"The groundwork of all happiness is health." - Leigh Hunt

Don't let jet lag affect your sleep.

Many people find that crossing multiple time zones messes up their internal clocks. In addition to experiencing headaches, upset stomachs, and difficulty concentrating, they may suffer from inadequate sleep.

But there's no have to waste time in heading off the results of jet lag. Try these jet lag remedies the subsequent time you travel.

When you might be traveling short distances.

If your destination is simply one or two time zones away, it might be possible to wake, eat, and sleep around your regular home schedule. At your destination, schedule appointments and activities for times if you'll be awake at home.

When you might be traveling long distances.

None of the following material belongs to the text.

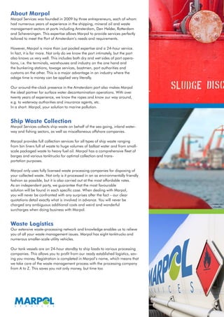Marpol Services was founded in 2009 by experienced entrepreneurs in shipping, oil, and waste management. They provide 24/7 maritime waste collection, transport, and ship cleaning services, as well as oil spill response. Their expertise and long experience working in ports like Amsterdam allow them to offer tailored solutions to marine pollution problems.

  • Switch slowly before traveling. For several days before you permit, regularly move mealtimes and bedtimes closer to your destination's schedule. Even a fractional switch may help.
  • During the flight, drink loads of fluids, but no caffeine or alcohol. Caffeine and alcohol promote dehydration, which worsens the symptoms of jet lag. They also can disrupt sleep.
  • Change your bedtime as soon as possible upon arrival. Don't go in until it's bedtime in the brand new time zone.
  • Use the sun to enable you to adjust. If you could get up early in the brand new setting (you've flown from west to east), get out within the sun early within the morning. If you could get up later (you've flown from east to west), expose yourself to sunlight within the late afternoon.

If you're traveling on short notice otherwise you're coping with a very stubborn case of jet lag, ask your doctor about special timed doses of melatonin or remlatonin, which help alter your circadian rhythm. can do If all else fails, a brief course of over-the-counter or prescription sleep aids may do the trick.